Мысленно отстранившись от разговоров, сопровождавших чаепитие, я снова стал думать о банальном человеческом счастье и пришел к выводу, что счастье, оно относительно. Я вспомнил художественные фильмы с недовольными лицами великосветских дам, которым все в этой жизни так надоело, так надоело… и тут же представил счастливую физиономию заключенного, который со смаком потягивает чифирок после целого дня работы на лесоповале в сорокаградусный мороз в зоне. Я подумал о том, что степень счастья определяется силой воздействия испытаний: чем сильнее было испытание, тем более сильным ощущается счастье после победы. И не важно, каким было испытание: будь то борьба за кусок хлеба, будь то борьба за справедливость, будь то борьба за любимую или будь то борьба за идею, — счастье, оно всегда одинаково и отличается лишь силой своей выраженности.
— Без борьбы, наверное, и нет счастья, — сделал я глобальный вывод своими еще не согревшимися мозгами.

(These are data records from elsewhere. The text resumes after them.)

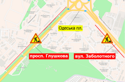НА ДУБЛЕРІ ПРОСП. ГЛУШКОВА І МІСЦЕВОМУ ПРОЇЗДІ ВУЛ. ЗАБОЛОТНОГО ЧАСТКОВО ОБМЕЖЕНО РУХ
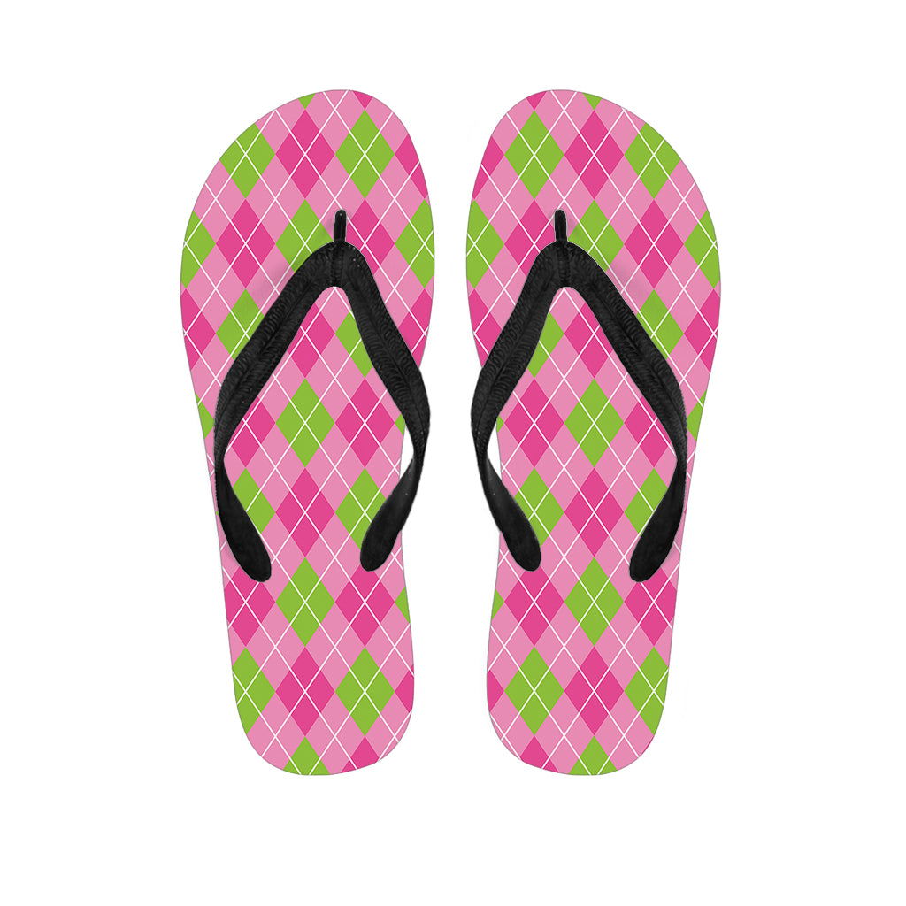 Pink And Green Argyle Pattern Print Flip Flops For Men Women
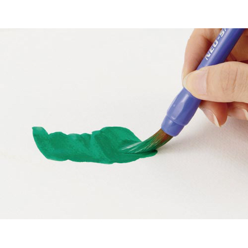 独自製法の特殊毛材を使った、水ふくみとコシの強さのバランスが良い画筆です。軸にすべり止め、ころがり止め付き。水彩えのぐ、アクリルえのぐ、両方使えます。
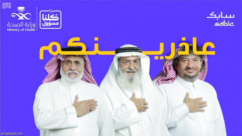 أطلقت وزارة الصحة، بالشراكة مع “سابك”، حملة توعوية تحت شعار “عاذرينكم”، تتضمن رسالة صادقة موجَّهةً من كبار السن من الآباء والأمهات إلى أبنائهم، تحمل عبارة “عاذرينكم”. وتتماشى هذه الحملة مع النصائح والإرشادات التوعوية، التي أصدرتها “الصحة” لتأكيد أهمية التباعد الاجتماعي، وعدم المصافحة منعًا للإصابة بفيروس كورونا الجديد “كوفيد 19”.
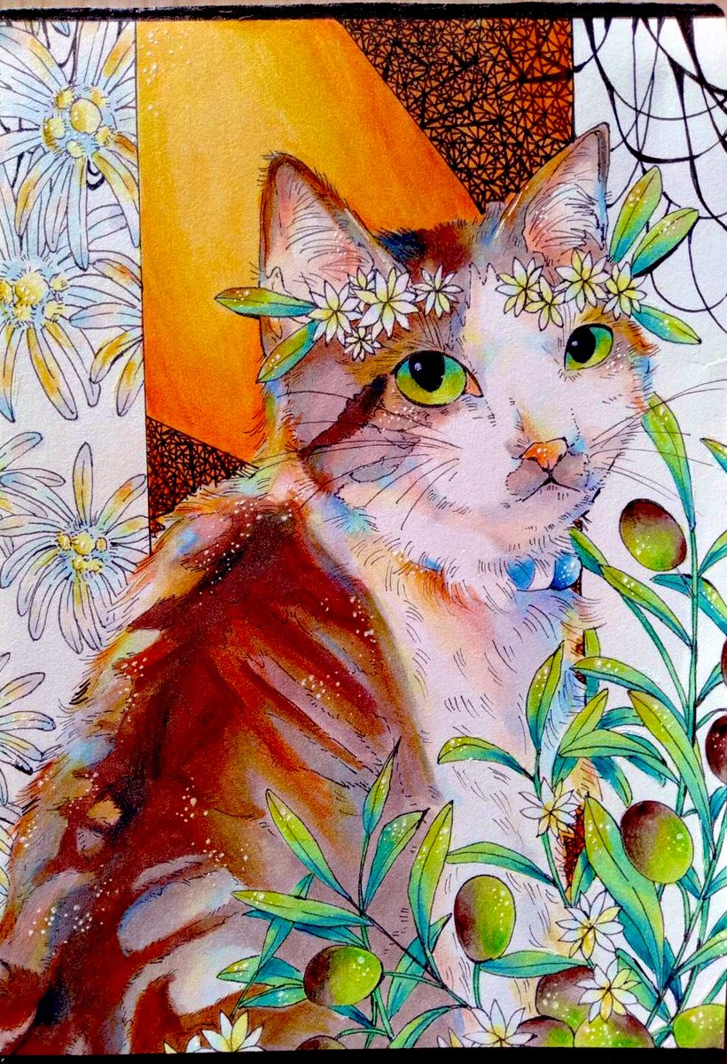 友達のお母さんに描いた絵 猫は昨日と一緒 #イラスト #猫 #コピック #色鉛筆
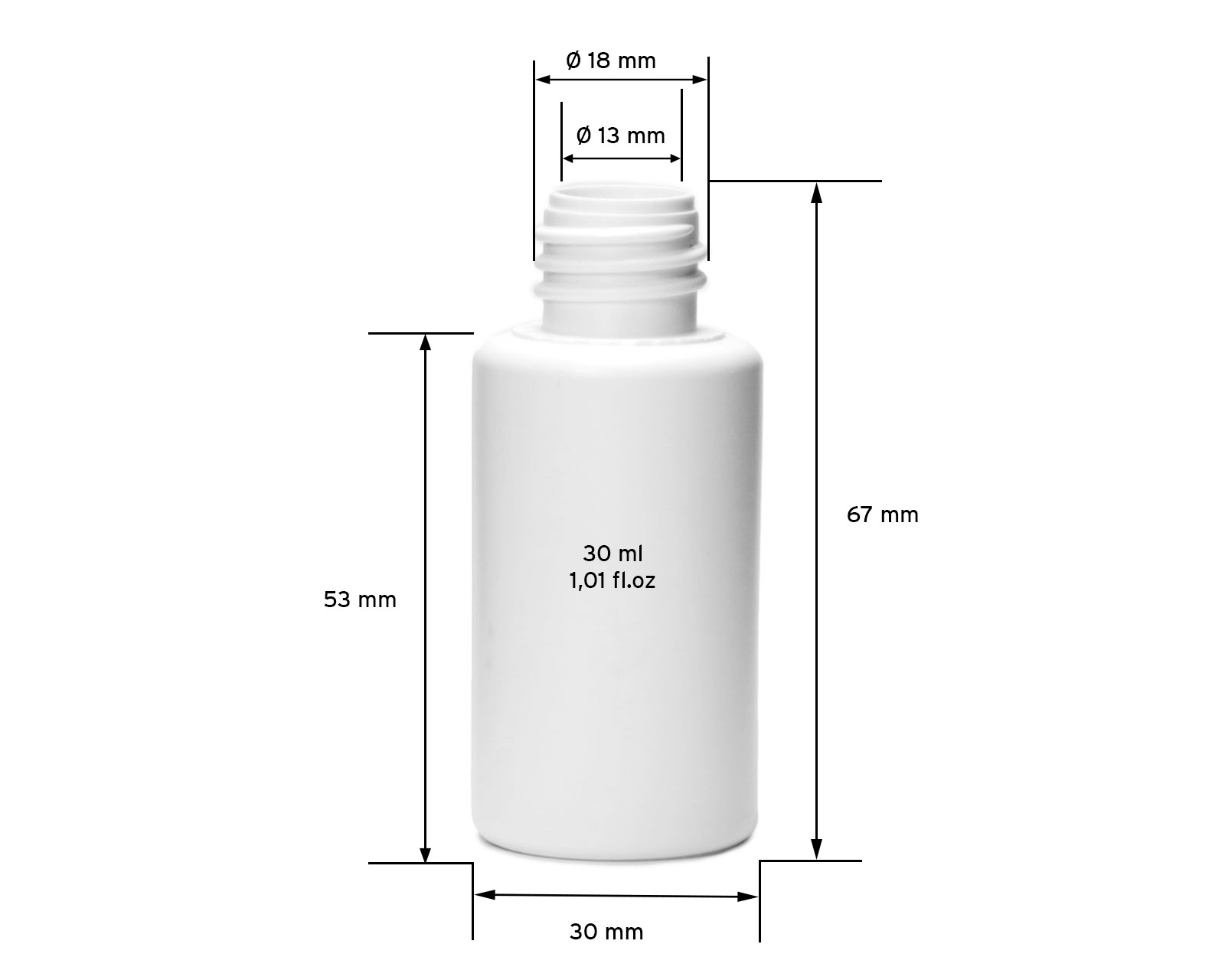 Eigenschaften: "30 ml weiße Plastikflasche aus HDPE mit 18 mm Gewinde"
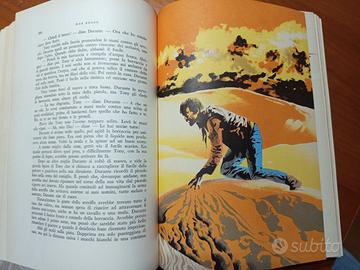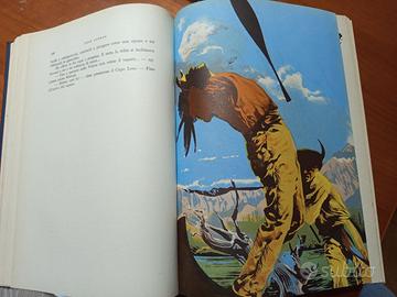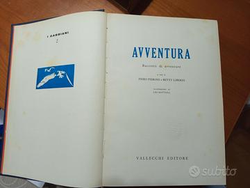 Vecchio libro Vallecchi editori avventura, racconti di avventura a cura di Piero Pieroni e Betty Liberio. Illustrazioni di Leo Mattioli. Il libro ha 670 pagine e molte illustrazioni a colori. Stampato nel 1958. Ci sono evidenti macchie di umidità soprattutto nelle prime e ultime pagine. La copertina sul dorso in alto è un po' rotta. Per il resto ok. Ha molte storie scritte anche da scrittore famosi tipo: Poe, Melville, London, Conrad, Doyle e vari altri.
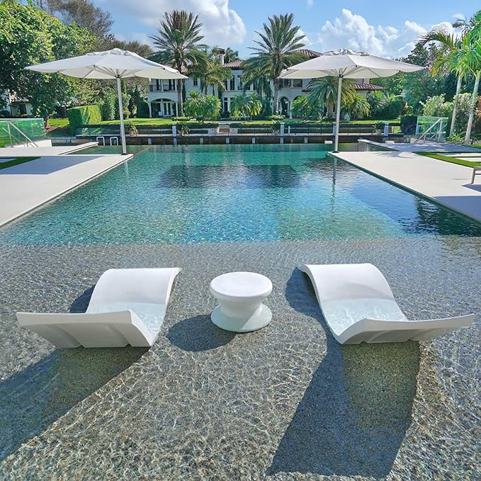 - ALL WEATHER DURABILITY - Made with UV20 resin, Ledge in pool lounge chaises and tables are built to withstand sun, rain, wind and every other seasonal environment for 10+ years. Stackable, but not necessary to store as the seasons change. Keep in your pool for that outdoor oasis feel, all year round.
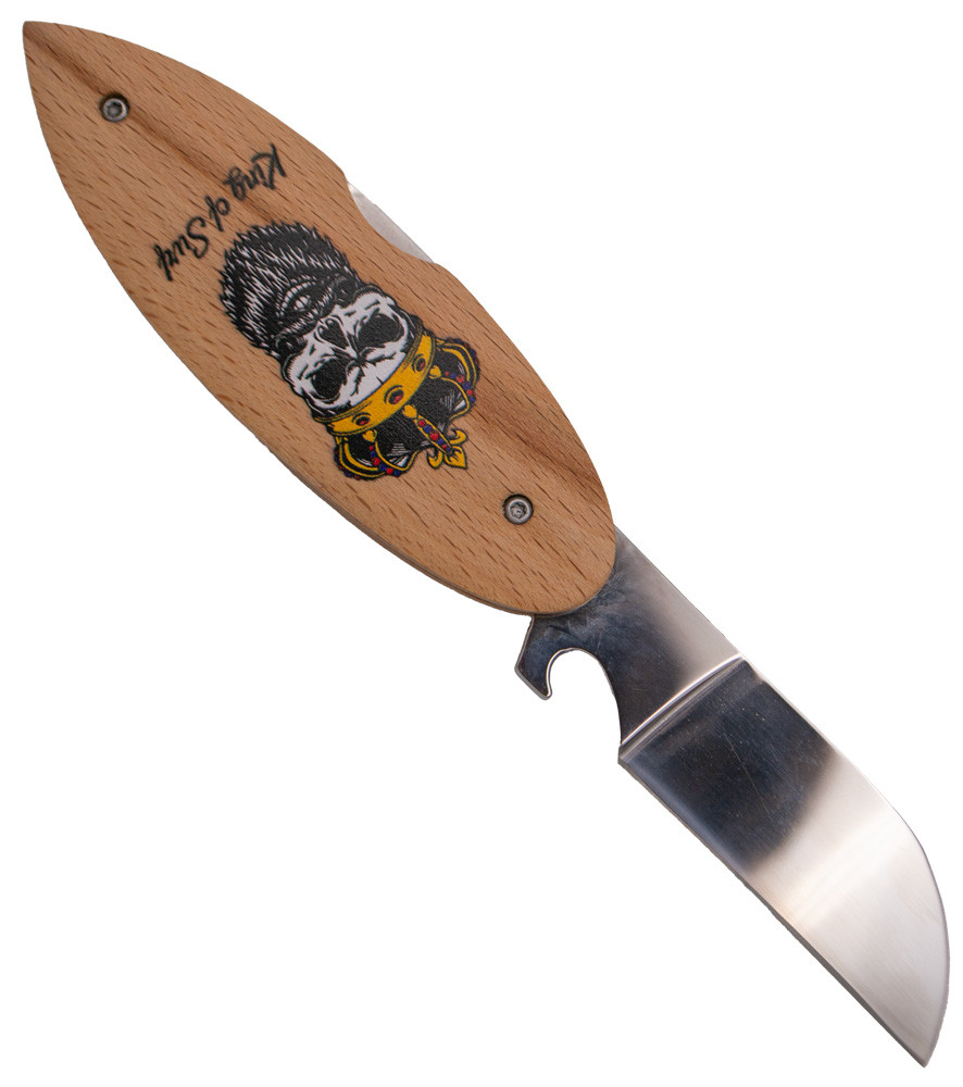 Además de su estética impactante, la navaja King of Surf incluye un abrelatas integrado, una herramienta práctica para abrir envases y latas en diversas situaciones. La navaja cuenta también con un sistema de bloqueo trasero, que garantiza que la hoja se mantenga fija durante su uso, proporcionando estabilidad y seguridad adicionales.
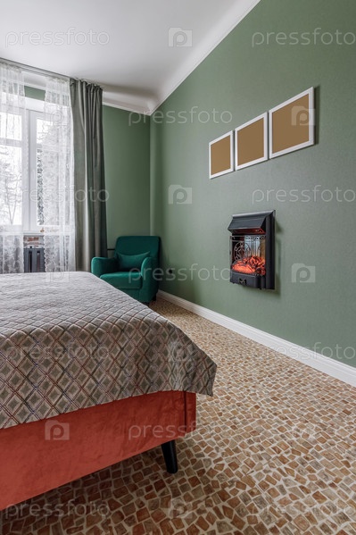 Спальня в стиле ретро с кроватью, старым шкафом и зелеными стенами
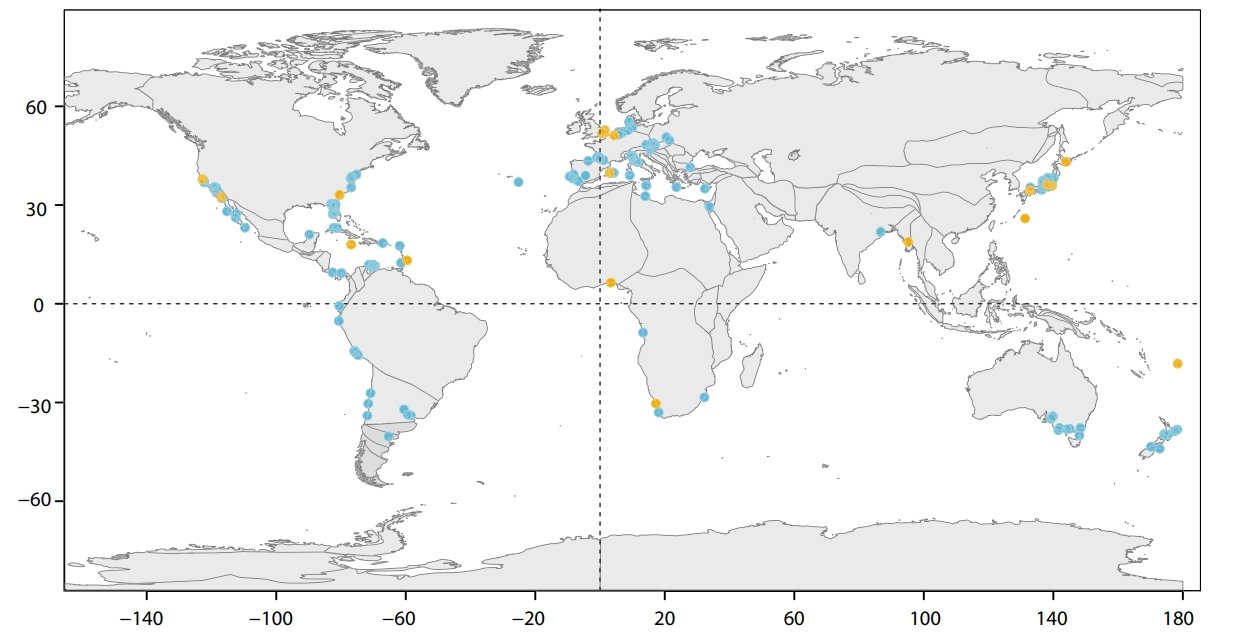 Figure 1. Occurrences of Otodus megalodon as recorded by the PBDB in 2016. This was the map that, to my knowledge, first visualised just how widespread megalodon was. Blue dots represent confirmed fossil occurrences while yellow dots mark more dubious records. Sourced from Figure 1 of Pimiento et al. (2016).
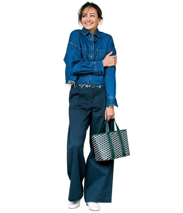 デニムシャツジャケット¥42,900(サクラ/インターリブ)Tシャツ¥9,790(マイストラーダ/マイストラーダ プレスルーム)パンツ¥33,800(テラ/ティースクエア プレスルーム)バッグ¥207,900(ピエール アルディ/ピエール アルディ 東京)シューズ¥135,300(トッズ/トッズ・ジャパン)ベルト¥31,900(RH ヴィンテージ/ロンハーマン)ピアス¥25,300ダブルリング¥40,700(ともにリューク)バングル¥41,580(ソコ/ZUTTOHOLIC)
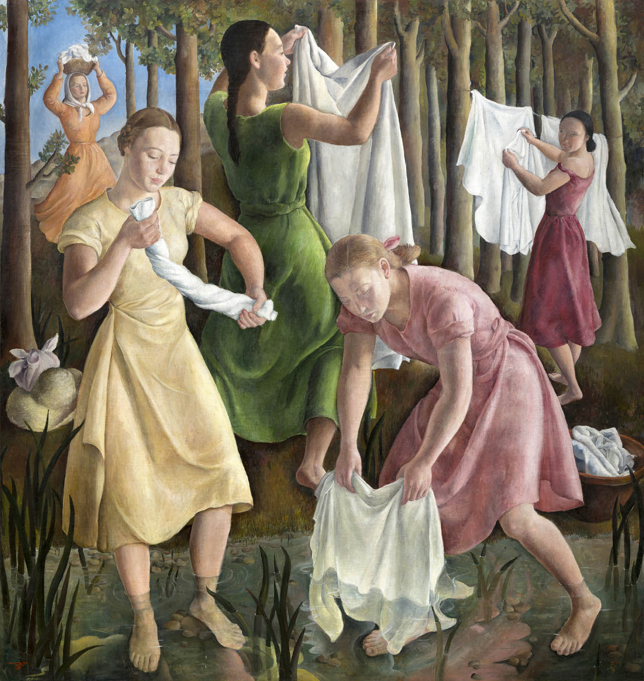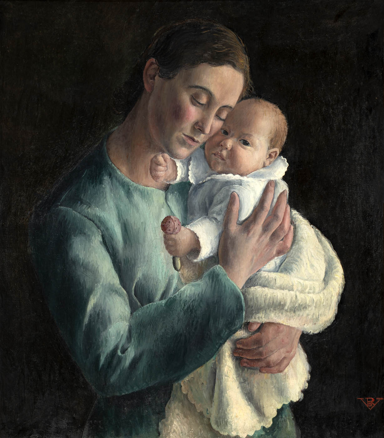 While New Objectivity mines the satirical, debauched air of decadence of the Weimar Republic, de Velasco’s paintings are a paen (perhaps even a sermon) to motherhood, heterosexuality, religiosity, utopianism and the fascist desire for a clean, lean and muscular art. Figurative stylisation and idealisation are used to evidence this desire for wholesomeness in her paintings of gypsies, peasants and working people (just as the stereotypical form of modern realist painting imposed by Stalin following his rise to power after the death of Lenin in 1924 crushed all extant art movements in Russia including the wonderful, briefly flowering Ukrainian modernist movement).
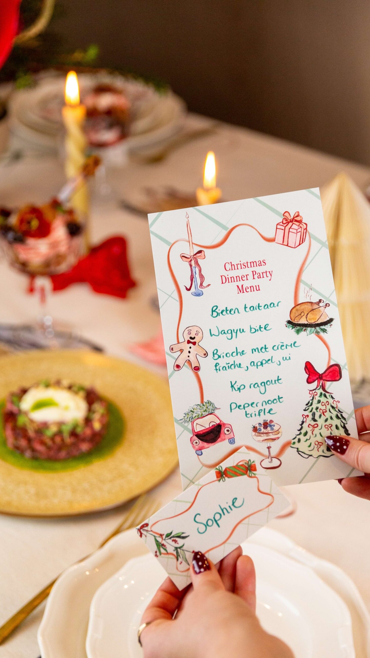 De kaartjes maken jouw avond niet alleen mooier, maar zijn ook een prachtige, tastbare herinnering aan een heerlijke kerst. Perfect om een persoonlijke boodschap of de naam van je gasten op te schrijven. Wedden dat ze ’m mee naar huis nemen als souvenir: op de koelkast of zelfs ingelijst?
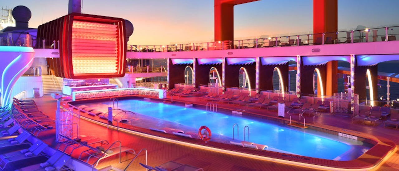 Restaurant by night, poolside area by day and a jetty when embarking and disembarking – the Magic Carpet is a moving glass veranda outside the ship.
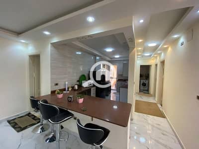 A fully furnished apartment available for rent in a prime location in Madinaty – B11. Situated on the fourth floor, corner unit, overlooking the park
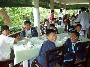 | 出発前、ねむたそう | 山道の途中のレストランで昼食 |
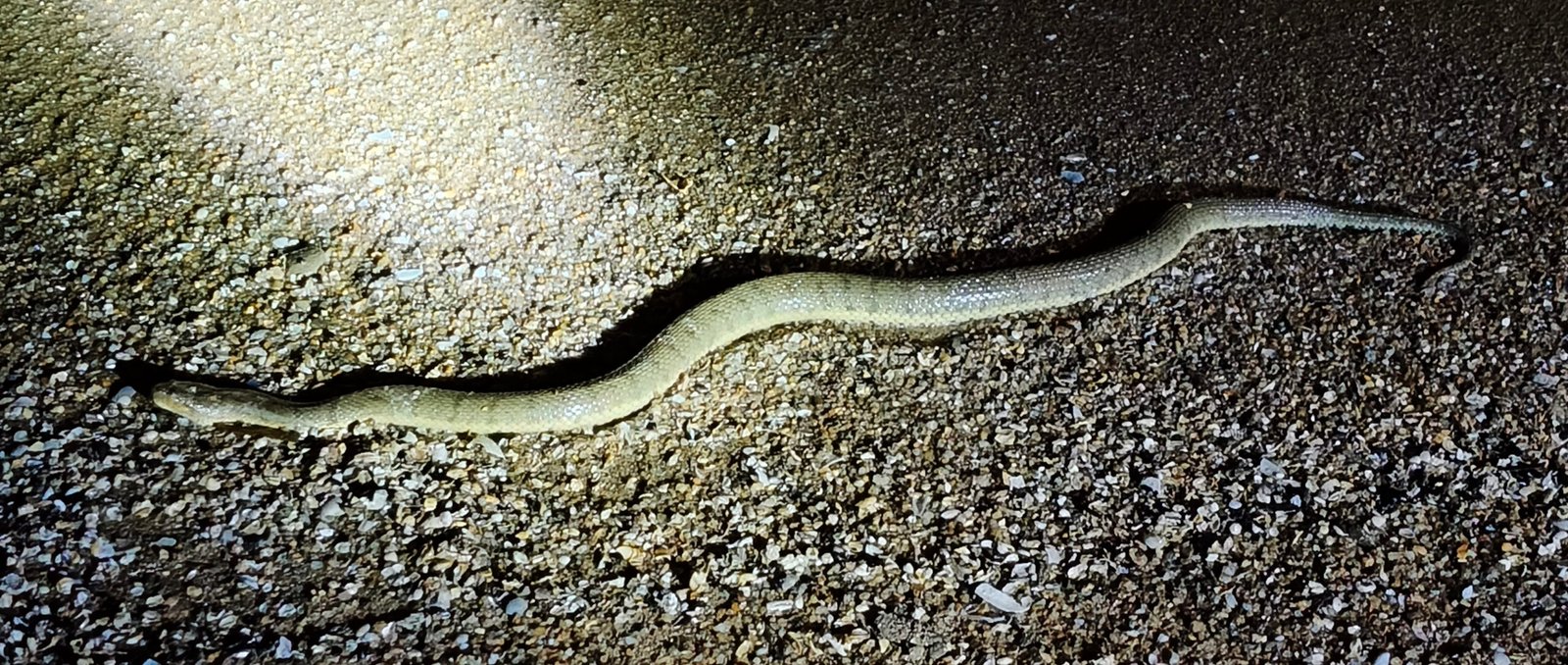 The dog-faced water snake, also known as also known as the New Guinea bockadam, South Asian bockadam, bockadam snake, is a mildly venomous, semi-aquatic snake known for its broad head and snout, resembling a dog’s face. It is greyish-brown with darker stripes with a white belly, a black line from eye to neck with eyes on top for spotting prey in brackish mangrove & estuarine waters. These Homalopsid (mud snakes) snakes are predatory specialists, eating fish and crustaceans, by ambush hunting and chasing them under water, on the tide line, and going after them by entering the various holes on the mudflats.
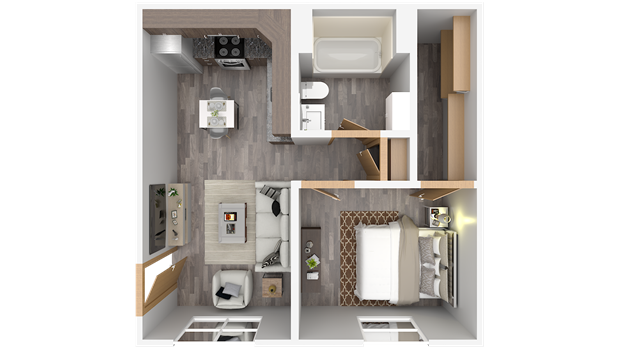 Updated units feature new vinyl plank flooring, kitchen cabinets, countertops, and stainless appliances.

Но при этом я понимал, что в наш «мир испытаний» Бог заложил только один вариант счастья — счастье, обретенное в результате борьбы; все другие варианты благоденствия, такие как покой, смакование вкуса или удовольствие сидеть на унитазе с газетой, не являются по-настоящему счастьем, они всего лишь являются подобием счастья. На то и наш мир является «миром испытаний», чтобы испытания — большие и маленькие — преследовали тебя на каждом шагу, и чтобы ты после очередного испытания получил маленький подарок — счастье, дабы войти в следующее испытание ради получения очередного счастья победы. Но как часто вместо счастья победы мы ощущаем горечь поражения, осознавая, что счастье и горе являются двумя равноценными противоположностями. Элемент борьбы вселен кем-то в самое нутро нас самих, где равноценно (в нас самих) живет и Добро и Зло, ненавидя (в нас самих) друг друга и периодически, то одно, то другое, проявляют себя, тем самым внося привычно-зловещее разнообразие в нашу жизнь — жизнь «мира испытаний». И поэтому мы, божьи творения, волей судьбы или кармы оказавшиеся в «мире испытаний», где в наши души в порядке испытаний вселяется злое начало, так чтим и боготворим тех редких людей, от которых исходит душевная чистота; мы тянемся к этим людям и не забываем их никогда, потому что эти люди осмелились на более трудную борьбу — борьбу внутри своей души. А люди иных миров, которые называются чистыми…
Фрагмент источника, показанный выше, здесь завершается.